WHAT THIS TASK INVOLVES
Beginning with the line containing "A stout lady" and ending at the last line of the data, set down every line exactly, leaving out all pictures.

DATA EXCERPT
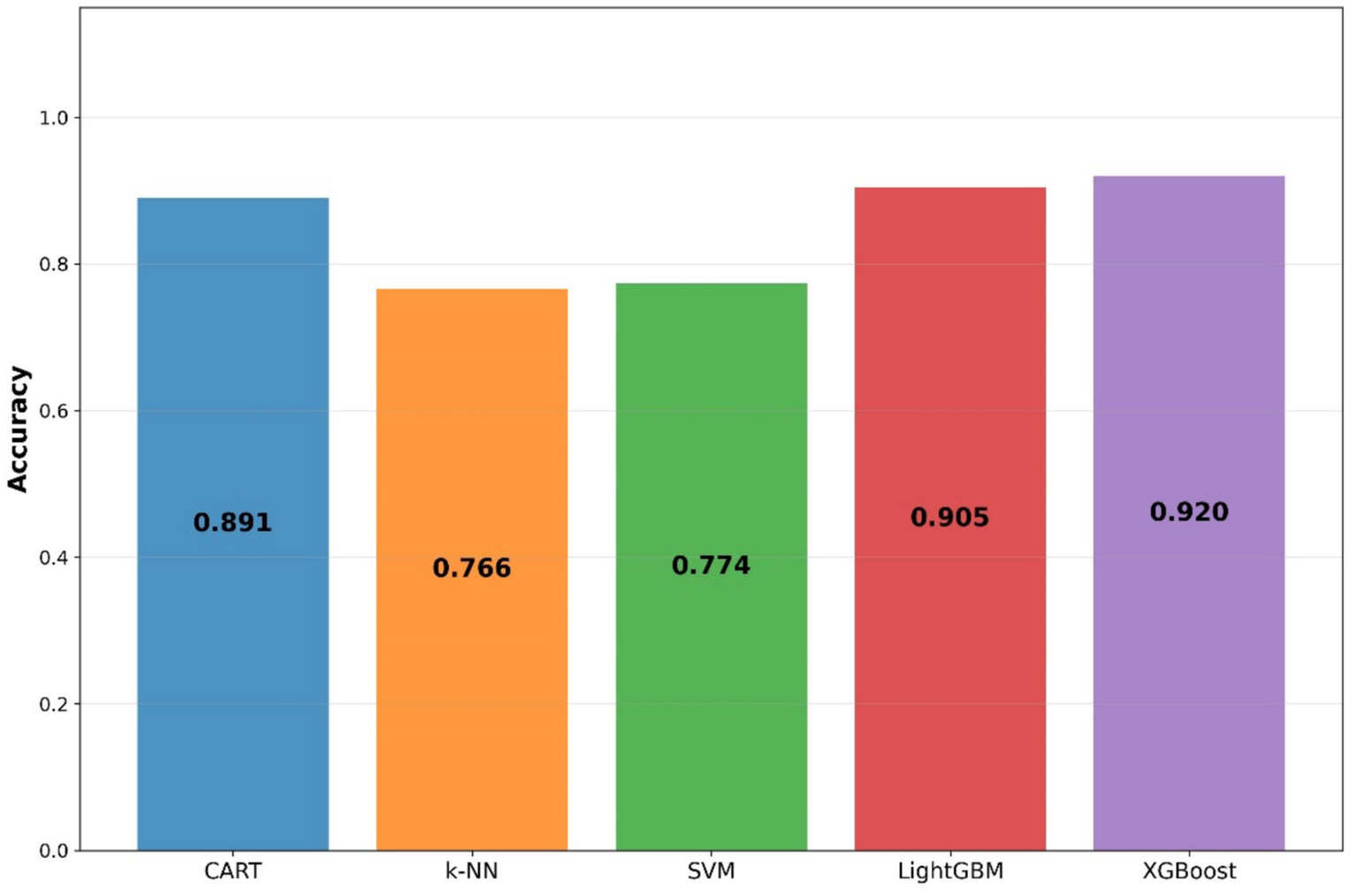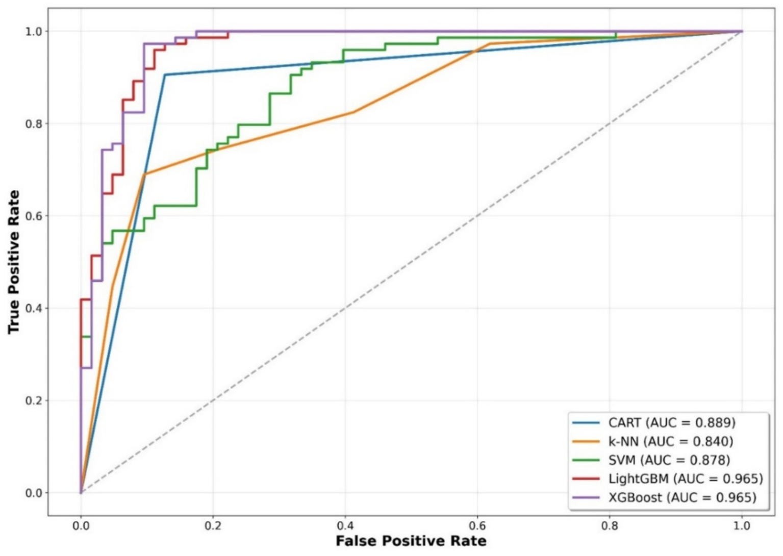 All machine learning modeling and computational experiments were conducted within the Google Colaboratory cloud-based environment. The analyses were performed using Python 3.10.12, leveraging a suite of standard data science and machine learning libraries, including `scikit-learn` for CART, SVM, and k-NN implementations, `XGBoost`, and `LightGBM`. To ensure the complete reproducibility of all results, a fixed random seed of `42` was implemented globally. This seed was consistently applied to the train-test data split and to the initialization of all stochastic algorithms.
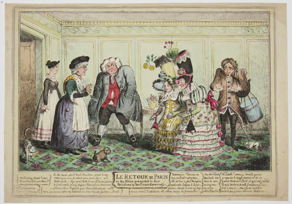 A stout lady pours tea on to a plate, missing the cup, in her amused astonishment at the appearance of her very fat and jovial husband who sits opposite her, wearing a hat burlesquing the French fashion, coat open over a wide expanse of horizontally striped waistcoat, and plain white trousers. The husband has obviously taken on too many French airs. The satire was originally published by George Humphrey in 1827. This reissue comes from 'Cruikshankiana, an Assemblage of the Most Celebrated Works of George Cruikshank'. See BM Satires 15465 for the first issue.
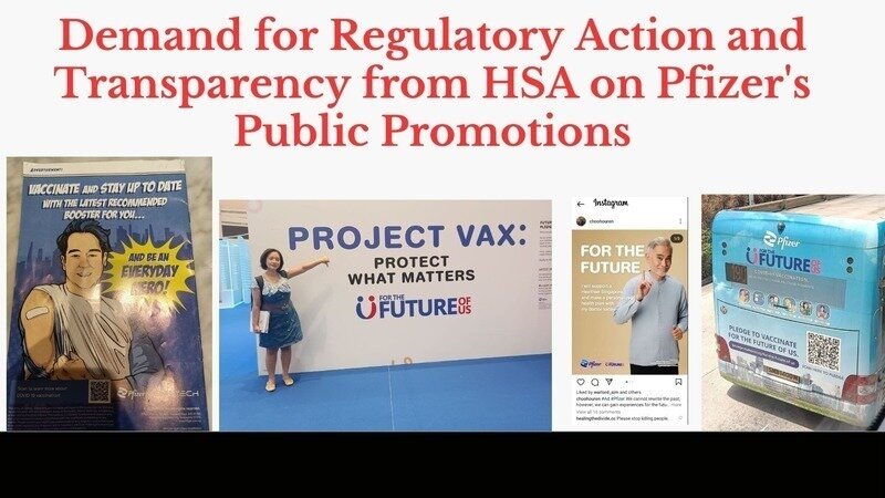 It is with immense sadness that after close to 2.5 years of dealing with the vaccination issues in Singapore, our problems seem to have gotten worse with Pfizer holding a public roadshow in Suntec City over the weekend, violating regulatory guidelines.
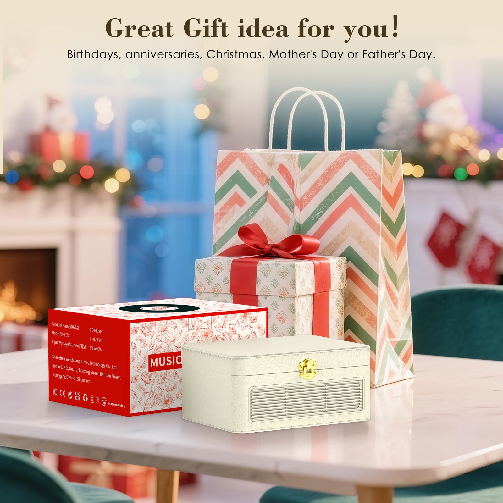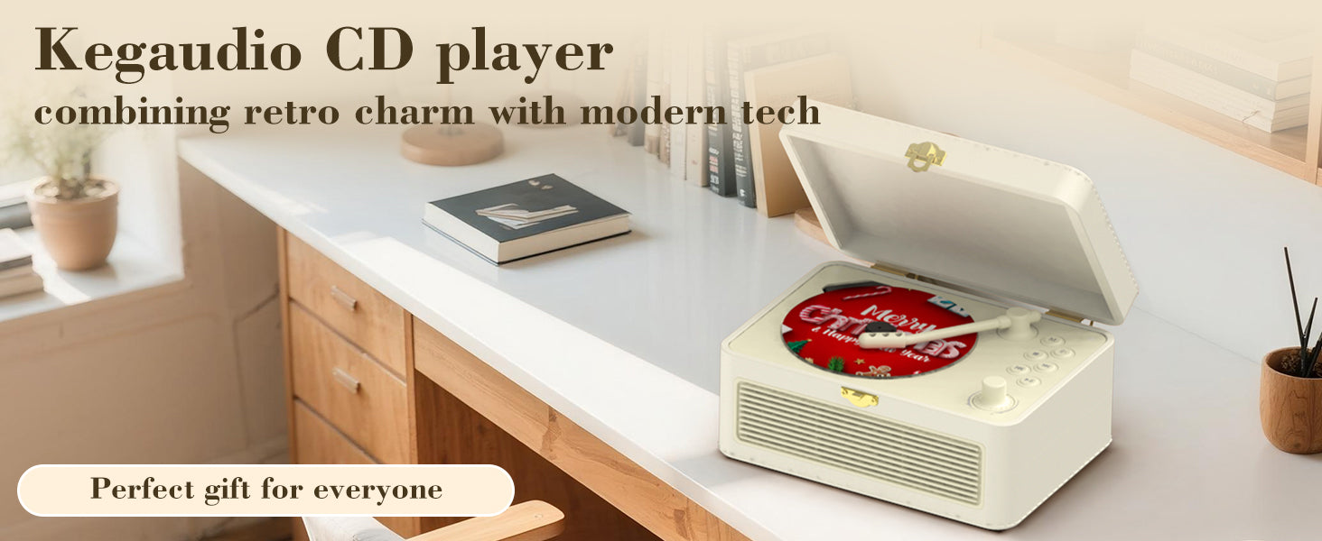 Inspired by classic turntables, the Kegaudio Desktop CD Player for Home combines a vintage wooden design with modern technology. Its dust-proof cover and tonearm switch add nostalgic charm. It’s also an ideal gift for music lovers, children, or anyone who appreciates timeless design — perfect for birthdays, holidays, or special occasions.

RESPONSE TO THIS TASK
 A stout lady pours tea on to a plate, missing the cup, in her amused astonishment at the appearance of her very fat and jovial husband who sits opposite her, wearing a hat burlesquing the French fashion, coat open over a wide expanse of horizontally striped waistcoat, and plain white trousers. The husband has obviously taken on too many French airs. The satire was originally published by George Humphrey in 1827. This reissue comes from 'Cruikshankiana, an Assemblage of the Most Celebrated Works of George Cruikshank'. See BM Satires 15465 for the first issue.
 It is with immense sadness that after close to 2.5 years of dealing with the vaccination issues in Singapore, our problems seem to have gotten worse with Pfizer holding a public roadshow in Suntec City over the weekend, violating regulatory guidelines.
 Inspired by classic turntables, the Kegaudio Desktop CD Player for Home combines a vintage wooden design with modern technology. Its dust-proof cover and tonearm switch add nostalgic charm. It’s also an ideal gift for music lovers, children, or anyone who appreciates timeless design — perfect for birthdays, holidays, or special occasions.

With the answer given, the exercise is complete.